In this instance, Vikramaditya defeated the Pallava prince Nandipotivarman who opposed him and claimed enormous tribute from him. However, he did not ransack the capital, instead visiting temples and giving gifts to the Brahmins in a show of largess. It is at this stage that he made the victory-inscription at the Rajasimhesvara temple, which was fully made of stone unlike most of the temples of the time.

The Story of Avenging an Insult

When the Pallava King Narasimhavarman overran and sacked Badami in the 13th year of his rule, he had an inscription done on the wall of the Mallikarjuna temple in the town celebrating his victory. This inscription had thereafter been a source of constant irritation to the Chalukyas since it diminished their power, prestige and pride. This was one of the major reasons for Vikramaditya adopting a resolute aggressive stance against the Pallavas from the time of his becoming the crown prince. After capturing Kanchi, Vikramaditya had the opportunity to repay this insult in kind. He confiscated the entire wealth and property of the Rajasimhesvara temple in Kanchi and then in a display of magnanimity, returned it all to the Gods. However, he engraved the fact of the defeat of the Pallavas and recorded his capture of their capital on the back of the main pillar in the Mandapa in the temple. The balance sheet between the two dynasties had been equalised. Unlike the Pallavas, he did not sack the capital but left the city as he found it.

This victory over the Pallavas took place sometime around 735-40, during the rule of the Pallava king Nandivarman II, who was defeated. Although there are some mention in the Chalukya records that he continued a limited Southern expedition, the details are scanty. It is possible that he fought successful battles against the Cholas, Pandyas, Keralas and Kalabhras, opposing him either as a combine or individually. However, these victories were not accompanied by any annexation of territory and can at best be considered the establishment of transitory authority. This was obviously more a show of force and a warning to the Southern powers not to unite against the Chalukyas or support the Pallavas. Chalukya records state that he set up a ‘Jayastambha’, a column of victory, on the sea shore, although there are no details available. It can be presumed that this was a temporary structure that did not last long. It is certain that Vikramaditya did not linger long on the Southern expedition and after the victory over the Southern powers he returned to his capital. Records show that on the return journey he built a temple in Nellore district.

The transitory nature of the victories can be assumed from the fact that as soon as Vikramaditya reached his capital, the Pallavas became restive and started to raid the peripheral territories of the Chalukya Empire. [This situation also indirectly indicates the waning power of the Chalukyas, since the Pallava raids took place almost immediately after the departure of the Chalukya king from what has been claimed as a victorious campaign in their records.] The Chalukyas were forced to send another expedition under the command of the crown prince who again defeated the Pallava King Nandivarman II. This was obviously the third victorious expedition recorded in the Chalukya chronicles as having taken place during Vikramaditya’s reign, although it could not have anything more than a concerted reprisal raid.

The First Arab Invasion

Around 737-38, the North-Western extremity of the Chalukya Empire was threatened by Arab intrusions.
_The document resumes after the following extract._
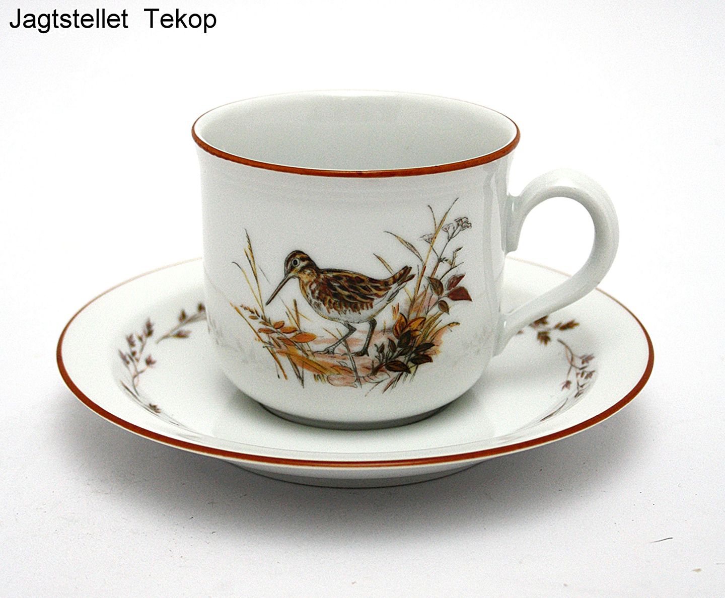 Jagtstellet designet af Mads Stage for Imerco. Tekop med underkop. Højde 7 cm. Diameter 8 cm. Underkop diameter 14,5 cm. Motiv Bekkasin. Pris: 150 kr. par. Lager: 6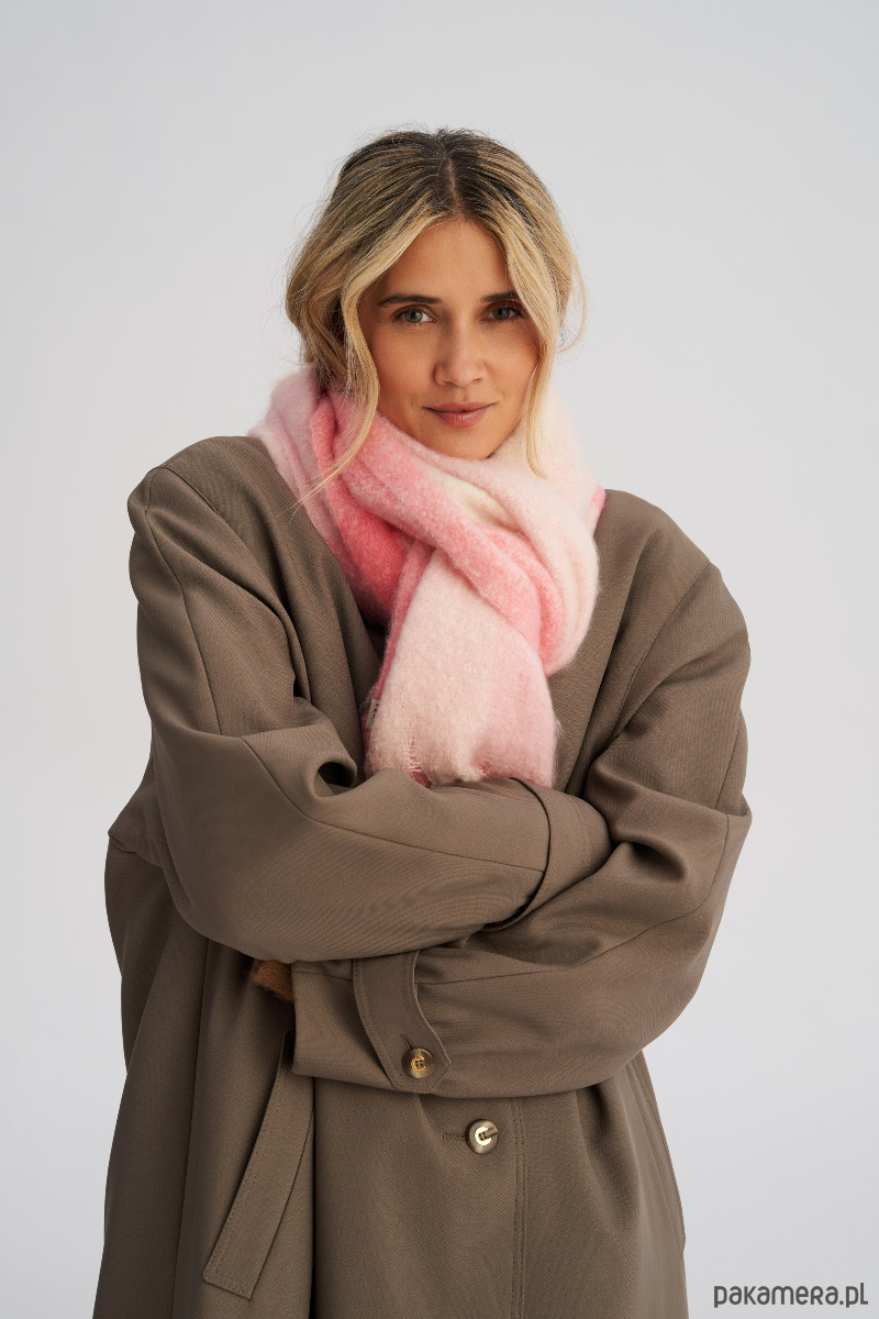 Miękki i puszysty szalik w kratę to idealne połączenie stylu i wygody. Wykonany z poliestru z recyklingu, jest przyjemny w dotyku i zapewnia komfort w chłodne dni. Jego długość pozwala swobodnie owinąć się wokół szyi, a wzór w dużą kratę dodaje elegancji i modnego charakteru.

This was the first Arab invasion into Peninsular India and the beginning of what was to become a regular and continuous interference in the affairs of the Deccan kingdoms. An authentic Plate provides the details of this invasion—the Tajik (Arab) Army plundered the Saindhavas (Sind region), Kachchhela (Kutchch) and Sourashtra (Kathiawad); they were met in battle by Pulakesiraja, the son of Dharasraya Jaisimha and a Chalukya scion, who defeated the Arabs after a bitterly fought battle. In appreciation of this feat, Pulakesiraja was honoured by Vikramaditya by bestowing a number of titles on him. The Arabs retired after this defeat.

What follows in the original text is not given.